Re-publishers can each have some slice of the pie they helped grow. They keep a share of the ad revenue, and original authors get the rest. This should make everyone happy as long as the copyright owner’s slice of the new, larger pie is larger than the whole of the original, smaller pie. It’s win-win.

So, yeah, I suspect copyright’s still a useful legal construct. It can still promote economic efficiency. But it’s foolish to rely on copyright to enforce scarcity. Instead, embrace ubiquity and monetize it.

B00km4rkToReadL8r

There are more than a few ways to remind yourself to read something or other later.

Browsers have bookmarks. Or you can save something to delicious, perhaps tagged “toread,” like very many people do. You can use this awesome firefox plugin called “Read It Later.”

But I like to do my reading inside Google Reader; others like their reading inside their fave reader.

So what am I to do? My first thought was Yahoo Pipes. It’s a well-known secret that Pipes makes screen-scraping around partial feeds as easy as pie. So I thought I could maybe throw together a mashup of del.icio.us and pipes to get something going.

My idea was to my to-be-read-later pages to delicious with a common tag—the common “toread” maybe. I could then have pipes fetch from delicious the feed based on that tag. The main urls for each delicious post point to the original webpage, and so, with the loop operator, I could locate the feed associated with each of the urls in the delicious feed. Original urls in hand, I was thinking I could have pipes auto-discover the associated feeds and then re-use those urls to locate the post within the feed corresponding to the page to be read later.

Well, I don’t think it can be done so easily. (Please! Someone prove me wrong!)

Meantime, I’ll just use my handy grease monkey plug-in that let’s me “preview” posts inside the google reader wrapper—so that I don’t have to hop from tab to tab like a lost frog.

Meantime, someone should really put together this app. Of course, it would really only work simply with pages that have rss analogues in a feed. But if, through Herculean effort, you found some practicable way to inform me that a given page doesn’t, but you could parse out the junk and serve me only the text, you’d be a real hero. Otherwise, just tell me that the page I’m trying to read later doesn’t have an rss analogue, give me an error message, and I’ll move on…assured in the knowledge that it will soon enough.
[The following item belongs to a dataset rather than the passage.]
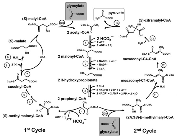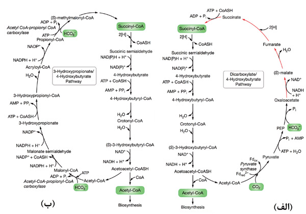 سولفولوبوس۱۹ که نوعی آرکیباکتری است از این چرخه برای تثبیت CO۲ استفاده میکند. این چرخه شبیه به چرخه دیکربوکسیلات ۴ـ هیدروکسی بوتیرات است و بخشی از مسیر تثبیت در هر دو یکسان است (شکل ۴ الف و ب). تفاوت از نظر نوع آنزیم کربوکسیله کننده است و اینکه در این چرخه از دو مولکول HCO۳ برای تثبیت استفاده میشود. طی چرخه ۳ـ هیدروکسی پروپیونات ۴ـ هیدروکسی بوتیرات یک مولکول استیل کوآنزیم A از تثبیت دو اتم کربن (بهصورت HCO۳) ساخته میشود. در این چرخه دو آنزیم تثبیتکننده CO۲ وجود دارد: استیل کوآنزیم A کربوکسیلاز و پروپیونیل کوآنزیم A کروکسیلاز. در این چرخه برای تولید هر مولکول استیل کوآنزیم A، ۴ مولکول ATP (۶ پیوند پرانرژی) و ۴ مولکول NADPH مصرف میشود.

Gatherers and Packagers: When Product and Brand Cleave 4 Realz

Jeff Jarvis writes about the coming economics of news:

When the packager takes up and presents the gatherer’s content in whole and monetizes it—mostly with advertising—they share the revenue. When the gatherer just links, the gatherer monetizes the traffic, likely as part of an ad network as well.
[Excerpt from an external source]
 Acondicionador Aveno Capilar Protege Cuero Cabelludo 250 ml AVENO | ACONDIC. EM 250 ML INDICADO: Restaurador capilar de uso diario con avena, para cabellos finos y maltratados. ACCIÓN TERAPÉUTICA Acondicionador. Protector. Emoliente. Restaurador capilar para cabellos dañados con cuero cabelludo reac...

I think this is right. In the first case, the content is on the “packager’s” page or in its feed; in the second, the content is on the “gatherer’s” page or in its feed. In both cases, advertising monetized the content (let’s say) and readers or viewers found it by way of the packager’s brand (a coarse but inevitable word).

To me, however, the location of the user’s experience seems unimportant—in fact, the whole point of disaggregating journalism into two functions, imho, is to free up the content from the chains of fixed locations. Jarvis writes, “The packagers’ job would be to find the best news and information for their audience no matter where it comes from.” I agree, but why not let it go anywhere too—anywhere, that is, where the packager can still monetize it? (See Attributor if that sounds crazy.)

Couple this with the idea that rss-like subscriptions are on the move as the mechanism by which we get our content, replacing search in part. (As has been said before, there’s no spam on twitter. Why not? Followers just unsubscribe.) The result is that the packager still maintains his incentive to burnish his reputation and sell his brand. After all, that’s what sploggers are: packagers without consciences who get traffic via search.

So I agree with Jarvis: “reliably bringing you the best package and feed of news that matters to you from the best sources” is how “news brands survive and succeed.” That’s how “the packagers are now motivated to assure that there are good sources.”